Work instruction –
The finished copy should match every record exactly and contain no pictures.

Start of Source data

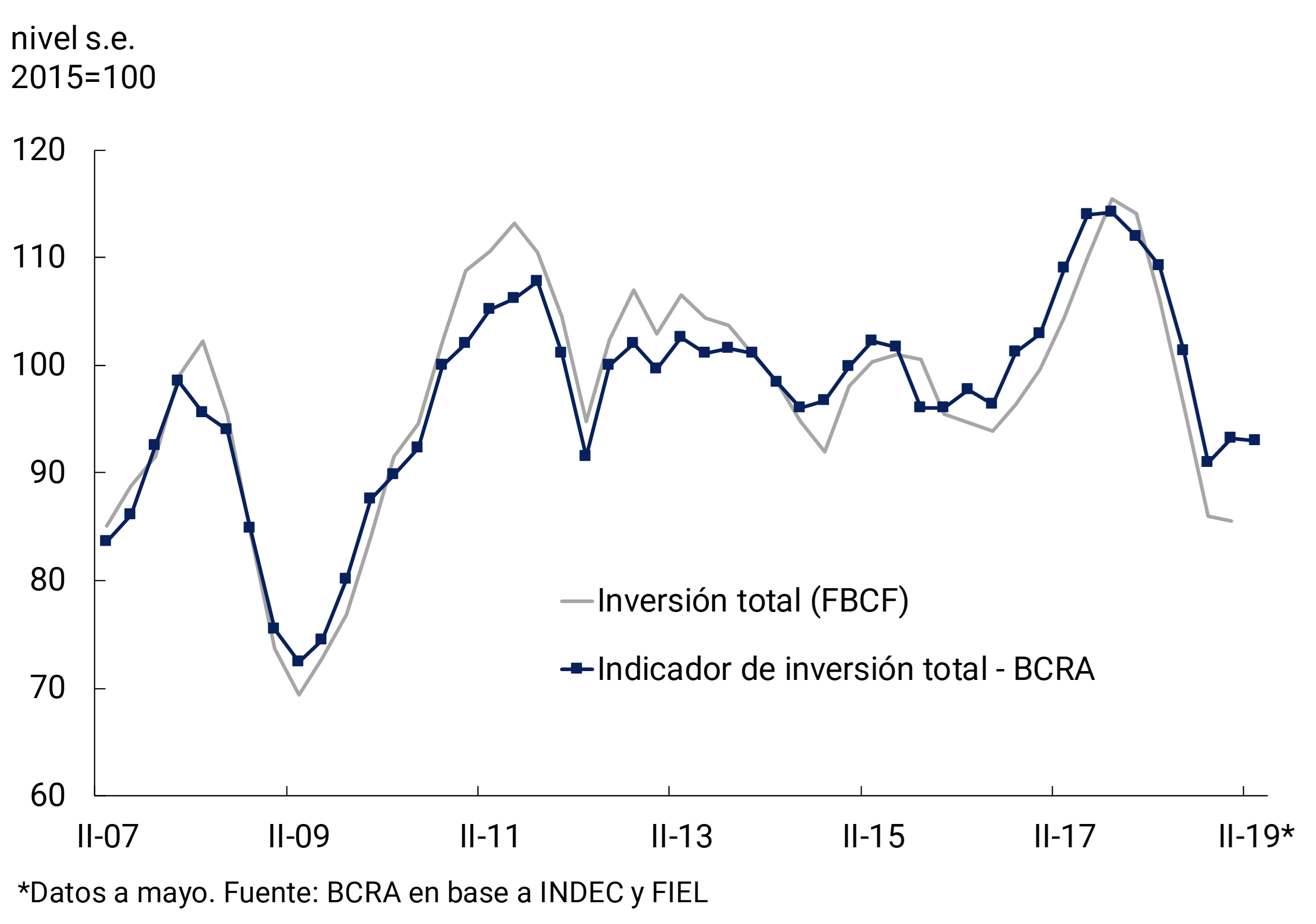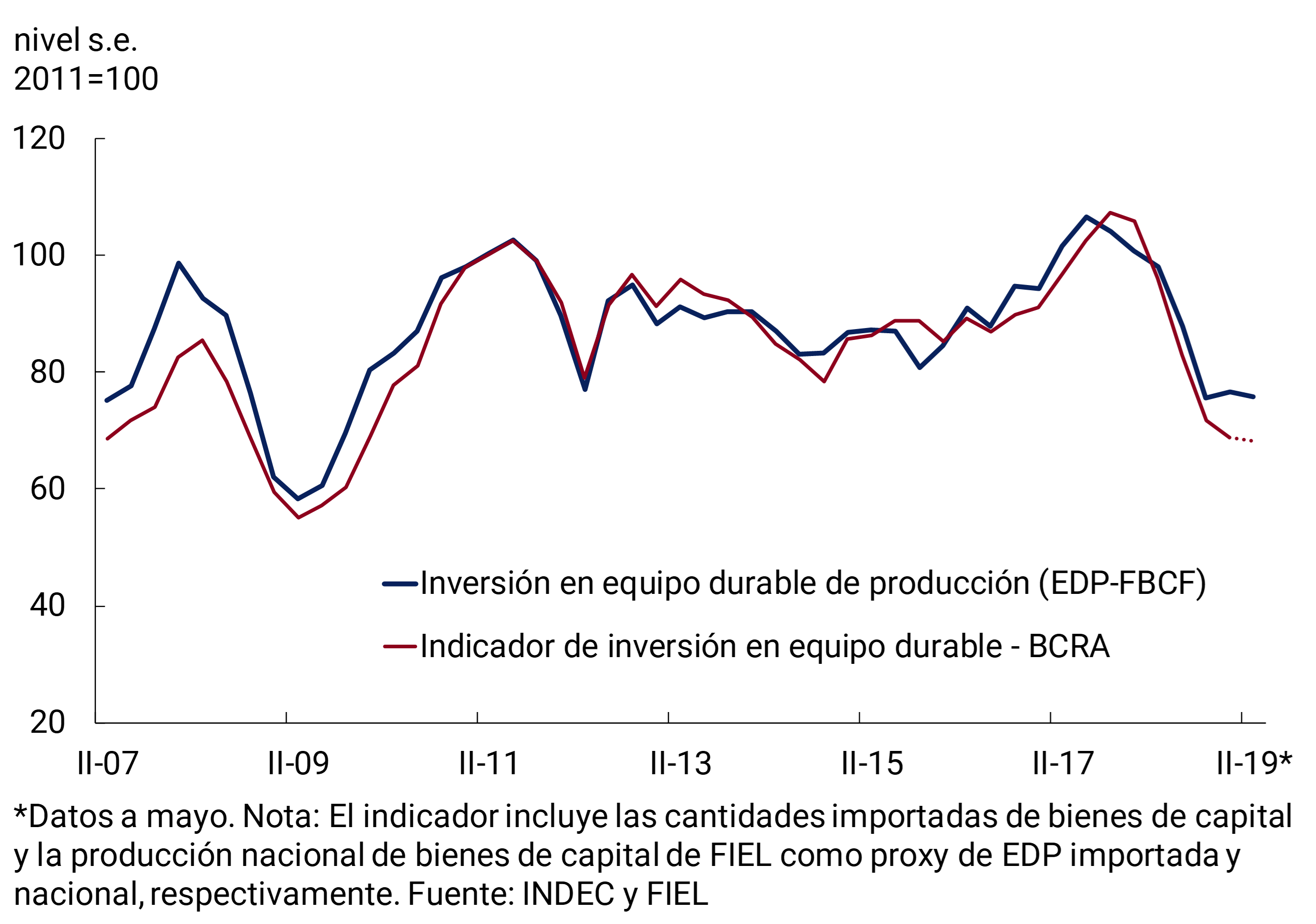 Con respecto a la inversión, se recortó considerablemente la caída observada en el último trimestre de 2018 (-10,2% s.e.). La contracción de 0,9% s.e. en el primer trimestre se explicó por una fuerte disminución del gasto en Equipamiento durable de producción (-5,8% s.e.) que fue atenuada por un aumento de la Construcción (3,6% s.e.). Con datos parciales del segundo trimestre, el indicador de inversión-BCRA —que se había recuperado levemente en el primer trimestre— se mantuvo estable (ver Gráfico 3.6).
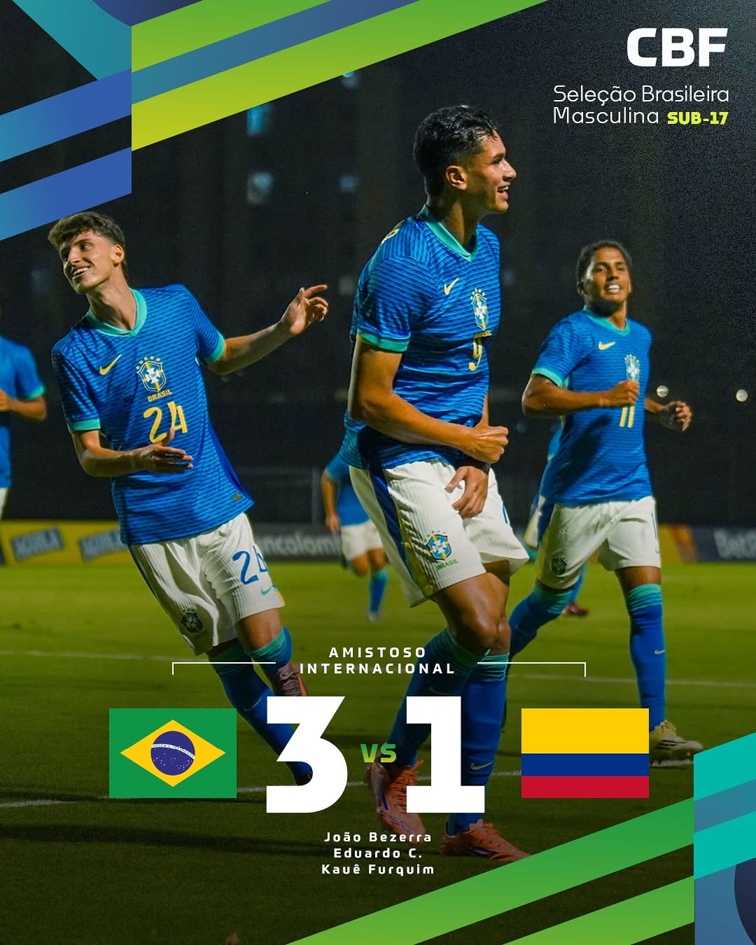 A Seleção Brasileira Masculina Sub-17 venceu a Colômbia por 3 a 1, em amistoso disputado em Barranquilla. Gols de João Bezerra, Eduardo Conceição e Kauê Furquim garantiram a vitória da Amarelinha sobre os donos da casa! ⭐🇧🇷
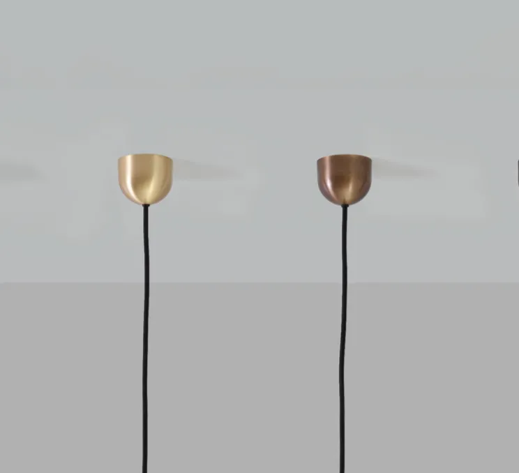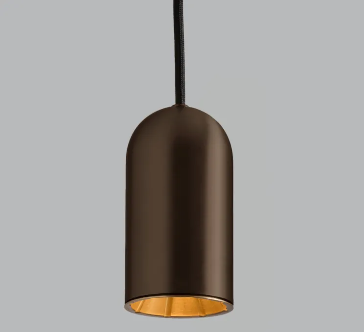 La ligne cylindrique est portée par un câble noir discret et ajustable sur deux mètres, qui disparaît dans le décor. Le bronze, à la fois brut et chaleureux, confère une présence minérale à la pièce. Doma captera les regards sans jamais dominer l’espace. Pensée pour un éclairage directionnel, elle accompagne aussi bien des zones de passage que des scènes décoratives, galeries ou encore salons architecturés en apportant une touche Art Déco assumée.
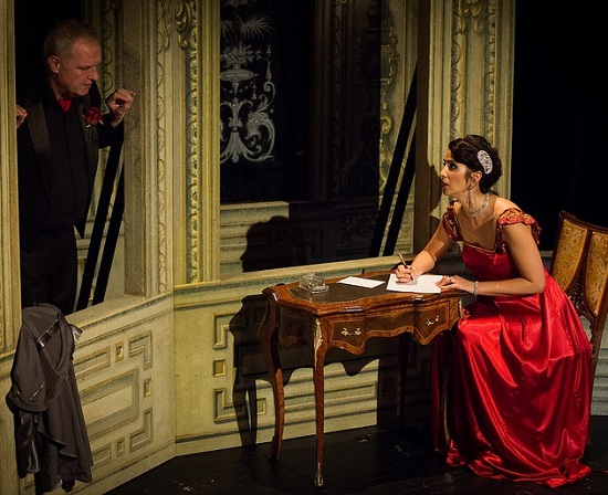 A Karinthy Színház kicsi színpadán a tágas műteremlakás és a hatalmas Andrássy úti palota illúziót keltő képét kapjuk Horesnyi Balázstól. Ebben tűnik fel Szabó P. Szilveszter rokonszenves külsejű, kicsit link festője, akit minden nő szeret. Őt a hírneve teszi vonzóvá, a monológjai kissé patetikusak (de hát ilyen a bonviván sorsa), és olyan „szép meghatóan mond le a szerelmérül” – hogy az ősbemutató korának stílusát idézzem.
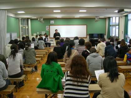 学級懇談会の間,親を待つ子どもたちは図書室や理科室で学習しながら待ちました。
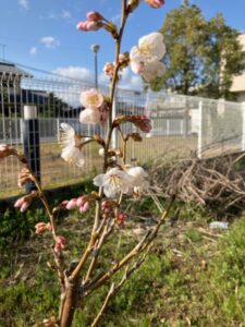 ホームに植えてあるさくらんぼの木にも、今年も可愛らしい花が咲き始めました。淡い色の花が風に揺れる様子に、皆さまも「もう春だね」と笑顔を見せてくださいました。
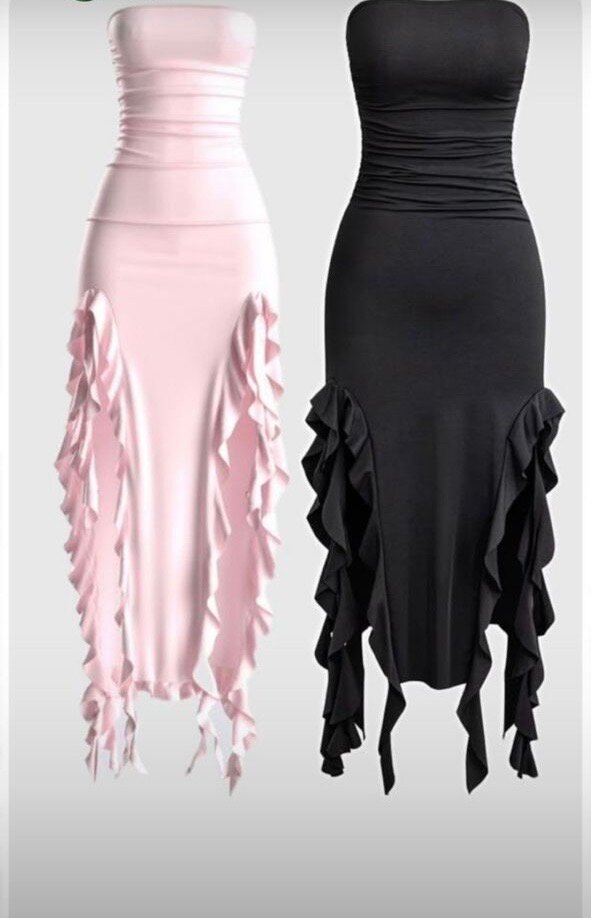 Découvrez l'élégance avec cette robe longue à volants. Parfaite pour des soirées ou occasions spéciales, elle offre une silhouette chic et féminine. Conçue avec des détails de volants distinctifs, elle est idéale pour impressionner. Disponible en noir et rose.
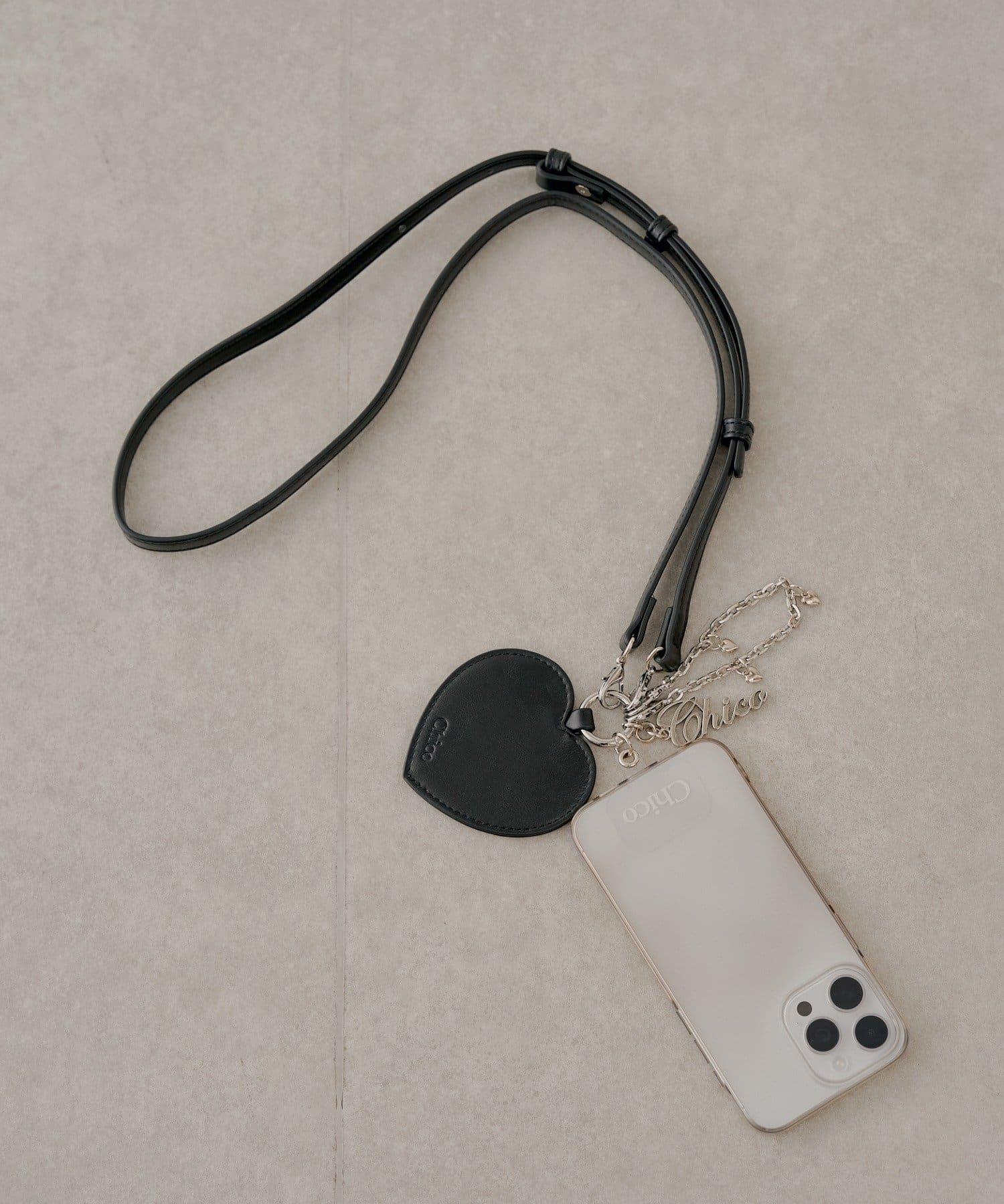 帶有心形吊飾的可愛手機肩帶,可作為配飾隨身攜帶。
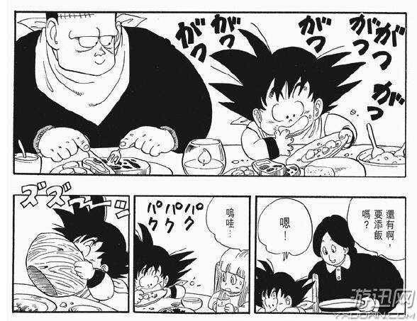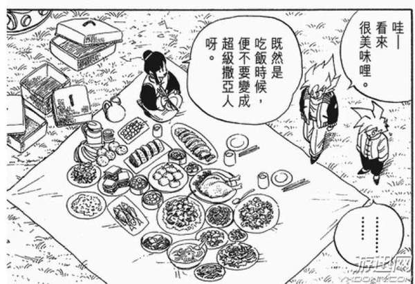 也是七龙珠难得一见的温馨一餐,孙悟空的大气在这里展现无遗,面对强敌,始终不焦虑,孙悟天据说也是在这个时候留下的,战斗了一辈子的伟大战士孙悟空终于在这难得的几天跟一家人一起共享天伦了。其实人生最大的幸福莫不就是如此么?

End of Source data

Expected output –
 Con respecto a la inversión, se recortó considerablemente la caída observada en el último trimestre de 2018 (-10,2% s.e.). La contracción de 0,9% s.e. en el primer trimestre se explicó por una fuerte disminución del gasto en Equipamiento durable de producción (-5,8% s.e.) que fue atenuada por un aumento de la Construcción (3,6% s.e.). Con datos parciales del segundo trimestre, el indicador de inversión-BCRA —que se había recuperado levemente en el primer trimestre— se mantuvo estable (ver Gráfico 3.6).
 A Seleção Brasileira Masculina Sub-17 venceu a Colômbia por 3 a 1, em amistoso disputado em Barranquilla. Gols de João Bezerra, Eduardo Conceição e Kauê Furquim garantiram a vitória da Amarelinha sobre os donos da casa! ⭐🇧🇷
 La ligne cylindrique est portée par un câble noir discret et ajustable sur deux mètres, qui disparaît dans le décor. Le bronze, à la fois brut et chaleureux, confère une présence minérale à la pièce. Doma captera les regards sans jamais dominer l’espace. Pensée pour un éclairage directionnel, elle accompagne aussi bien des zones de passage que des scènes décoratives, galeries ou encore salons architecturés en apportant une touche Art Déco assumée.
 A Karinthy Színház kicsi színpadán a tágas műteremlakás és a hatalmas Andrássy úti palota illúziót keltő képét kapjuk Horesnyi Balázstól. Ebben tűnik fel Szabó P. Szilveszter rokonszenves külsejű, kicsit link festője, akit minden nő szeret. Őt a hírneve teszi vonzóvá, a monológjai kissé patetikusak (de hát ilyen a bonviván sorsa), és olyan „szép meghatóan mond le a szerelmérül” – hogy az ősbemutató korának stílusát idézzem.
 学級懇談会の間,親を待つ子どもたちは図書室や理科室で学習しながら待ちました。
 ホームに植えてあるさくらんぼの木にも、今年も可愛らしい花が咲き始めました。淡い色の花が風に揺れる様子に、皆さまも「もう春だね」と笑顔を見せてくださいました。
 Découvrez l'élégance avec cette robe longue à volants. Parfaite pour des soirées ou occasions spéciales, elle offre une silhouette chic et féminine. Conçue avec des détails de volants distinctifs, elle est idéale pour impressionner. Disponible en noir et rose.
 帶有心形吊飾的可愛手機肩帶,可作為配飾隨身攜帶。
 也是七龙珠难得一见的温馨一餐,孙悟空的大气在这里展现无遗,面对强敌,始终不焦虑,孙悟天据说也是在这个时候留下的,战斗了一辈子的伟大战士孙悟空终于在这难得的几天跟一家人一起共享天伦了。其实人生最大的幸福莫不就是如此么?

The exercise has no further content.